In realistic sparse reward tasks, existing theoretical methods cannot be effectively applied due to the low sampling probability ofrewarded episodes. Profound research on methods based on intrinsic rewards has been conducted to address this issue, but exploration with sparse rewards remains a great challenge. This paper describes the loop enhancement effect in exploration processes with sparse rewards. After each fully trained iteration, the execution probability of ineffective actions is higher than thatof other suboptimal actions, which violates biological habitual behavior principles and is not conducive to effective training. This paper proposes corresponding theorems of relieving the loop enhancement effect in the exploration process with sparse rewards and a heuristic exploration method based on action effectiveness constraints (AEC), which improves policy training efficiency by relieving the loop enhancement effect. Inspired by the fact that animals form habitual behaviors and goal-directed behaviors through the dorsolateral striatum and dorsomedial striatum. The function of the dorsolateral striatum is simulated by an action effectiveness evaluation mechanism (A2EM), which aims to reduce the rate of ineffective samples and improve episode reward expectations. The function of the dorsomedial striatum is simulated by an agent policy network, which aims to achieve task goals. The iterative training of A2EM and the policy forms the AEC model structure.
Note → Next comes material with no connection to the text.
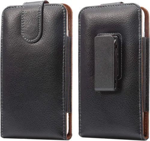 Soporte giratorio vertical para teléfono compatible con la mayoría de teléfonos inteligentes de pantalla grande de 5.7 a 6.5 pulgadas (simetría desnuda o Otterbox, parachoques de TPU, funda delgada de armadura), como Samsung Galaxy A55 A54 5G A53 A52 A51 A50 A34 5G A33 A31 A30 A10 A2 32 S25 + S24+ S23+ S22+ S21+ S10+ S9+ S8+ S21 FE S20 FE Note 10, iPhone 17 Pro Max iPhone 16 Pro Max iPhone 15 Pro Max 14 Pro Max 13 Pro Max 12 Pro Max XS Max 11 XR 8 Plus 15 Plus, Motorola Moto G Fast G8 Potencia G Power 20 21 G8 Plus G7 Plus G7 Power Moto E Edge, Google Pixel 7 6 Pixel 4a 5G y otros tamaños similares. El clip giratorio para cinturón te permite engancharlo en tu cinturón y cambiarlo de posición vertical a horizontal, especialmente cuando estás sentado o conduciendo. La funda de cuero duradera para cinturón ofrece la protección perfecta para tu teléfono contra arañazos, descargas y suciedad. Dimensión exterior aproximada: 6.3 x 3.3 x 1.0 pulgadas, dimensiones interiores aproximadas: 6.2 x 3.3 x 0.8 pulgadas. El paquete incluye: 1 funda de piel negra. El cierre ligero y magnético mantiene tus teléfonos seguros y en su lugar, mantiene tus manos libres. Perfecto para viajes, entrenamiento, senderismo, camping, uso diario y otras actividades al aire libre.

A2EM provides effective samples for the agent policy; the agent policy provides training constraints for A2EM. The experimental results show that A2EM can relieve the loop enhancement effect and has good interpretability and generalizability. AEC enables agents to effectively reduce the loop rate in samples, can collect more effective samples, and improve the efficiency of policy training. The performance of AEC demonstrates the effectiveness of a biological heuristic approach that simulates the function of the dorsal striatum. This approach can be used to improve the robustness of agent exploration with sparse rewards.

Abstract Image

基于行动效果约束的新型启发式探索方法,用于缓解奖励稀疏的强化学习中的循环增强效应
在现实的稀疏奖励任务中,由于奖励情节的抽样概率较低,现有的理论方法无法有效应用。为了解决这个问题,人们对基于内在奖励的方法进行了深入研究,但在奖励稀少的情况下进行探索仍然是一个巨大的挑战。本文介绍了奖励稀疏的探索过程中的循环增强效应。在每次完全训练迭代后,无效动作的执行概率高于其他次优动作的执行概率,这违反了生物习惯行为原理,不利于有效训练。本文提出了在奖励稀疏的探索过程中缓解循环增强效应的相应定理和基于行动有效性约束(AEC)的启发式探索方法,通过缓解循环增强效应提高了策略训练效率。灵感来源于动物通过背外侧纹状体和背内侧纹状体形成习惯性行为和目标定向行为的事实。背外侧纹状体的功能是通过行动有效性评估机制(A2EM)来模拟的,其目的是降低无效样本的比率并改善情节奖励预期。背内侧纹状体的功能由代理策略网络模拟,旨在实现任务目标。A2EM 和策略的迭代训练构成了 AEC 模型结构。A2EM 为代理策略提供有效样本;代理策略为 A2EM 提供训练约束。实验结果表明,A2EM 可以缓解循环增强效应,并具有良好的可解释性和可推广性。AEC 能使代理有效降低样本的循环率,收集更多有效样本,提高策略训练的效率。AEC 的性能证明了模拟背侧纹状体功能的生物启发式方法的有效性。这种方法可用于提高奖励稀疏的代理探索的鲁棒性。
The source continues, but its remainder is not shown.